I have an s3 bucket saving logs constantly on json.gz format, I´m trying to pull out those logs to an elastic agent host on a GCP cluster using SQS.
My configuration for the SQS is a default one, also I´m using the FIFO type. The Access policy configuration I used:
{
"Version": "2012-10-17",
"Id": "example-ID",
"Statement": [
{
"Sid": "example-statement-ID",
"Effect": "Allow",
"Principal": {
"Service": "s3.amazonaws.com"
},
"Action": [
"SQS:SendMessage"
],
"Resource": "SQS-queue-ARN",
"Condition": {
"ArnLike": {
"aws:SourceArn": "arn:aws:s3:*:*:awsexamplebucket1"
},
"StringEquals": {
"aws:SourceAccount": "bucket-owner-account-id"
}
}
}
]
}
The elastic agent is using the sqs url as reference to pull out those logs from the s3 bucket. I don´t know why the sqs isn´t working. Also It´s my first time using aws so I´m really lost.

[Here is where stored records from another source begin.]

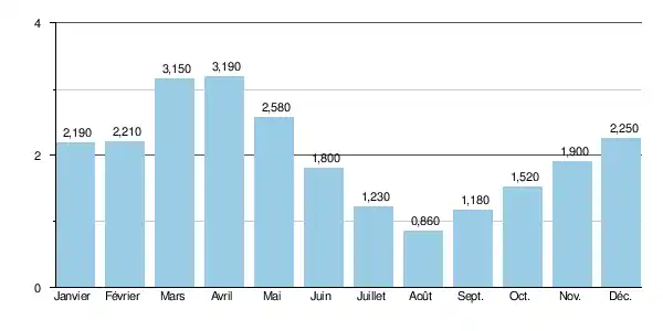 La rivière présente des fluctuations saisonnières de débit, avec des hautes eaux d'automne-hiver qui portent le débit mensuel moyen au niveau de 2,19 à 3,15 m3/s de décembre à mai inclus (avec un maximum en mars-avril). Dès lors s'amorce une baisse progressive aboutissant aux basses eaux d'été (avec un minimum de 0,86 m3/s en août)[2].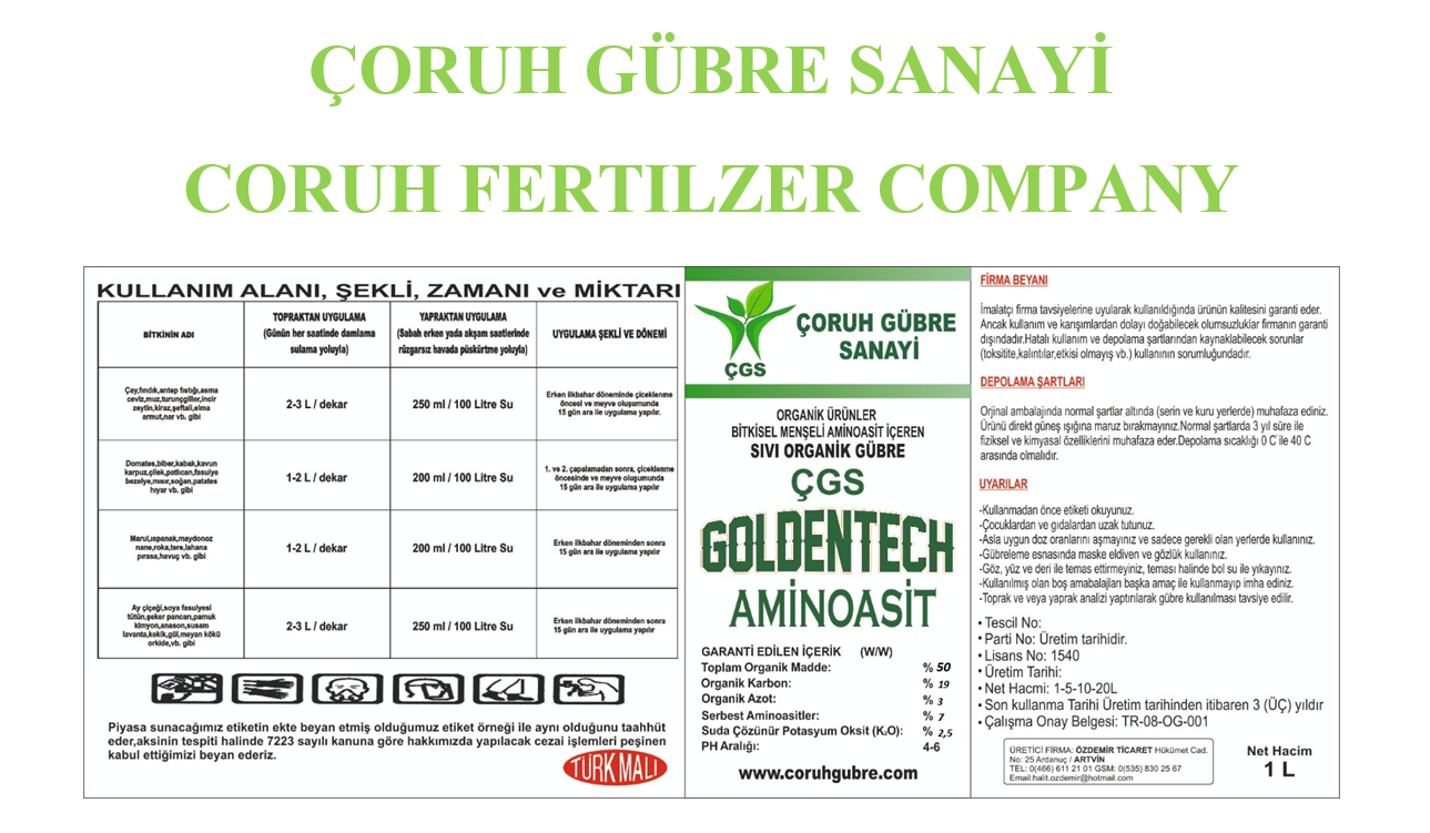 Firmamız olarak yapmış olduğumuz düzenli AR - GE çalışmaları neticesinde , yeni ürünümüz olan ÇGS - GOLDENTECH AMİNOASİT içeren Organik Sıvı Gübre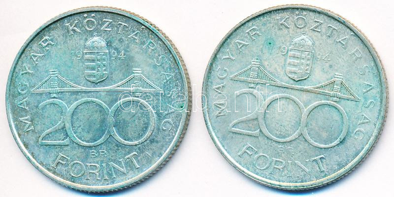 1994. 200Ft Ag "Deák" (2x) T:2- https://www.darabanth.com/de/223-Fernauktion/223.0/Numismatik/Ungarische-Munzen~10009/1994-200Ft-Ag-Deak-2x-T2-~II969604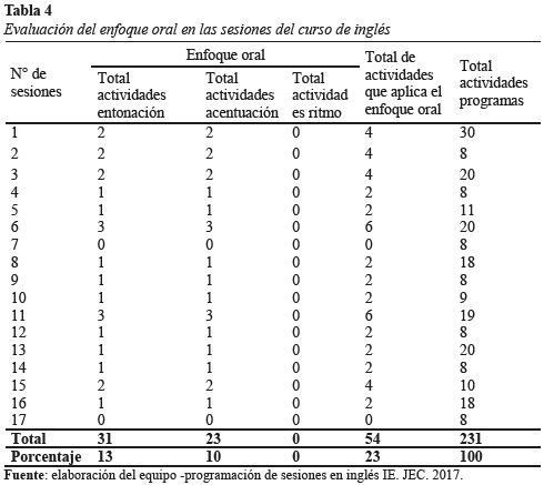 Abstract: Oral approach in the curricular programming of the English course in the educational institutions of full school day, considers the process of dynamic interaction between one or more interlocutors to communicate their ideas and emotions in the classroom from the literacy for the teaching of English; which is an improper procedure. The purpose of the study is to evaluate the application of the oral approach in the curricular programming of the English course. The methodology is of an evaluative descriptive nature in which 17 scheduled learning sessions were analyzed for the 2017 academic period of the first grade of secondary education, to describe the types of activities that include intonation, accentuation and rhythm contents. The result of the evaluation of 231 programmed activities in a 23% is close to develop orality. In conclusion, the application of the oral approach in the curricular programming of the English course in JEC schools, there is little programming of intonation activities, accentuation and rhythm activities are not noticed to promote the orality of the English language.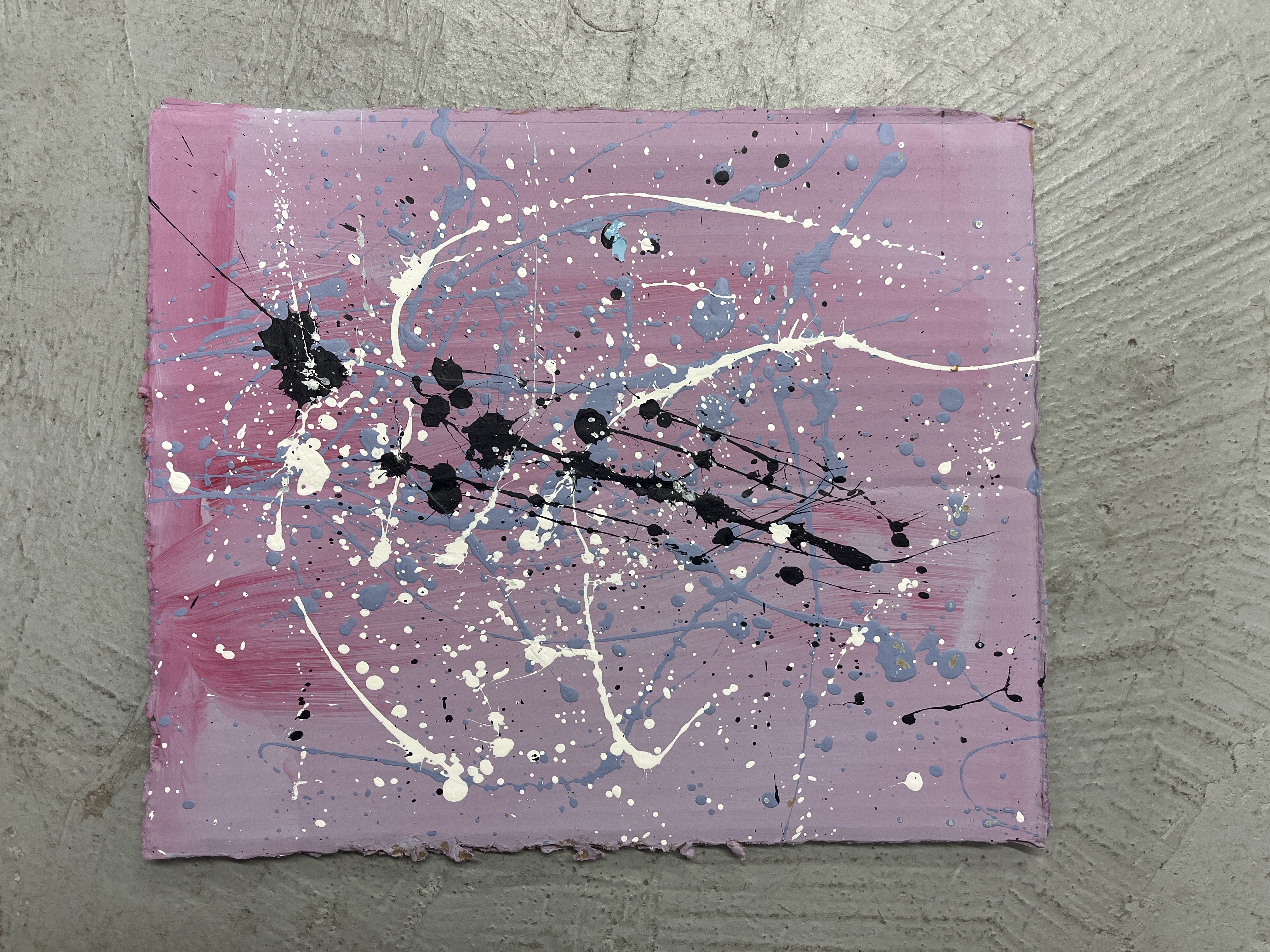- abstract black, white, and blue splatter on light pink background

CodePudding user response:
SQS can't pull files from S3. You will need to set up notifications on your S3 bucket to publish an event to your SQS queue when a log is added (so presumably you will need s3:ObjectCreated notifications).
Note however that this notification doesn't include the actual file contents. It only has the details of the file so you'll need some other mechanism to then actually read the file and process it, such as a lambda function. You can find an example event here.